Raised in a matriarchy, I don’t wait for romantic love to build a life. I do it with friends, we co-parents, legal partners, and chosen family.

This Pride, I watched people talk about polyamory like it only involved romantic partners, a calendar full of dates, a shelf of partners, or a rotation. But some of us don’t practice polyamory through dating at all. Some of us practice it through structure, through who we build with, protect, and grow alongside. Through friendship.

My version of polyamory isn’t new. It didn’t arrive through white feminist theory or ethical non-monogamy manuals. It came through watching my grandmother sit under a neem tree with her closest friend, the one she called suma jabarr, which means “my wife.” I watched them raise each other’s children, make medical decisions together, plan for death, and prepare the next generation to inherit something stable.

That framework through West African matriarchal design.

I was raised in systems where kinship wasn’t confined to coupledom or to shared bloodlines alone. The people you built with didn’t always share your bed, but they shared your burdens. You didn’t wait for romance to validate your direction. You built with whoever stayed.

That’s what I’ve done.

My polyamory is African. Neurodivergent. Matriarchal. It’s anchored in chosen family over pursuit, in co-regulation instead of conquest.

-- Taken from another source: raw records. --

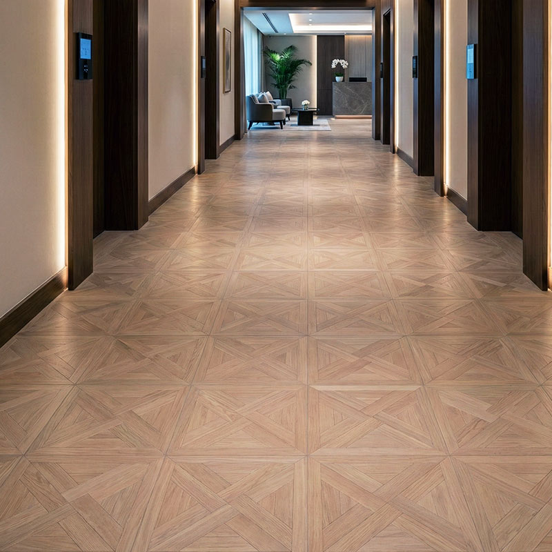 • Interlaced parquet geometry with a refined, modern feel
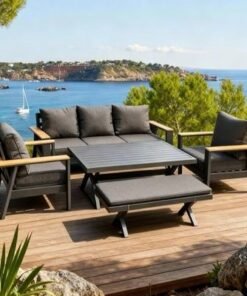 7-Seater Premium Dark Grey Aluminum Outdoor Sofa Set with High Table – Dark Grey Cushions
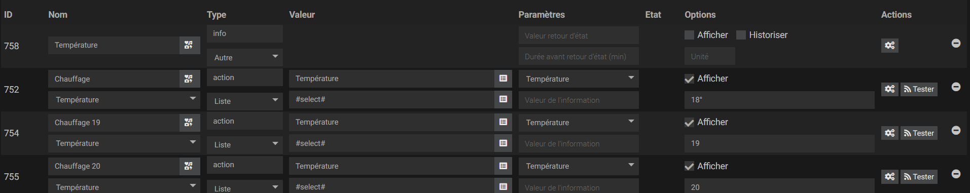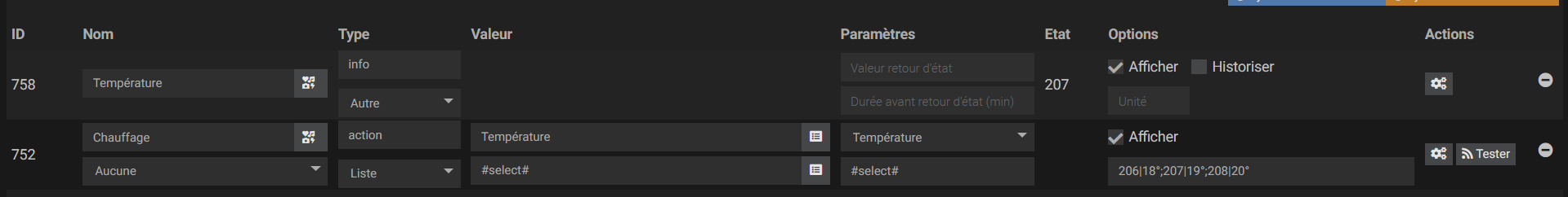 De plus j’ai essayé de chercher mon équipement après la commande #select# mais je ne peut pas choisir une consigne de température : ça ne me propose qu’une commande info…
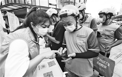 本报讯 (记者 赵思远)“不仅拿到了清凉大礼包,还了解了工会知识和福利,我已经迫不及待地要加入工会大家庭了!”在通州区万达广场商圈送餐的美团外卖骑手葛军说。8月20日,通州区北苑街道总工会在北苑街道西关社区的万达广场商圈开展了关爱新业态职工“送清凉”活动,市总工会赴基层蹲点的机关干部与通州区总工会、北苑街道总工会共同为外卖员、快递员等新业态劳动者普及工会知识,宣传工会职能,发放清凉包和调查问卷,并联合北京银行现场为他们办理工会会员互助服务卡。

It comes from survival systems shaped with people who understand that intimacy isn’t a lifestyle, it’s a responsibility.

The word polyamory often flattens what many cultures practiced long before it had a name. It tends to center desire, expansion, and the number of partners. But in the systems I come from, love was measured by who could hold the household when everything else fell apart.

I have not dated several people at once. I have built with several people at once. That difference matters.

Romantic love is still treated as the apex of intimacy. But for many of us, especially those who are neurodivergent, queer, or culturally outside the Western nuclear script, friendship has always been the real infrastructure.

That’s the relationship model I’m aligned with. I’m not chasing more partners, I’m building more stability. More planning. More truth. More safety.

Some of us didn’t enter polyamory for freedom. We entered it for continuity.

And we found it in each other.

All original writing in this essay is © Lovette Jallow.Quotations, structure, and phrasing may not be reproduced, scraped, or repurposed by AI tools, content farms, or third-party platforms without explicit permission.

AI-generated rewrites of this work are a violation of intellectual and creative integrity.

To cite or reference this essay, please link directly to the original Substack post and include full author attribution.

Author’s Note: This piece draws directly from my own research, lived experience, and intellectual frameworks developed over years of public lectures, consulting, and fieldwork on matriarchal kinship, neurodivergent intimacy, and decolonial family structures.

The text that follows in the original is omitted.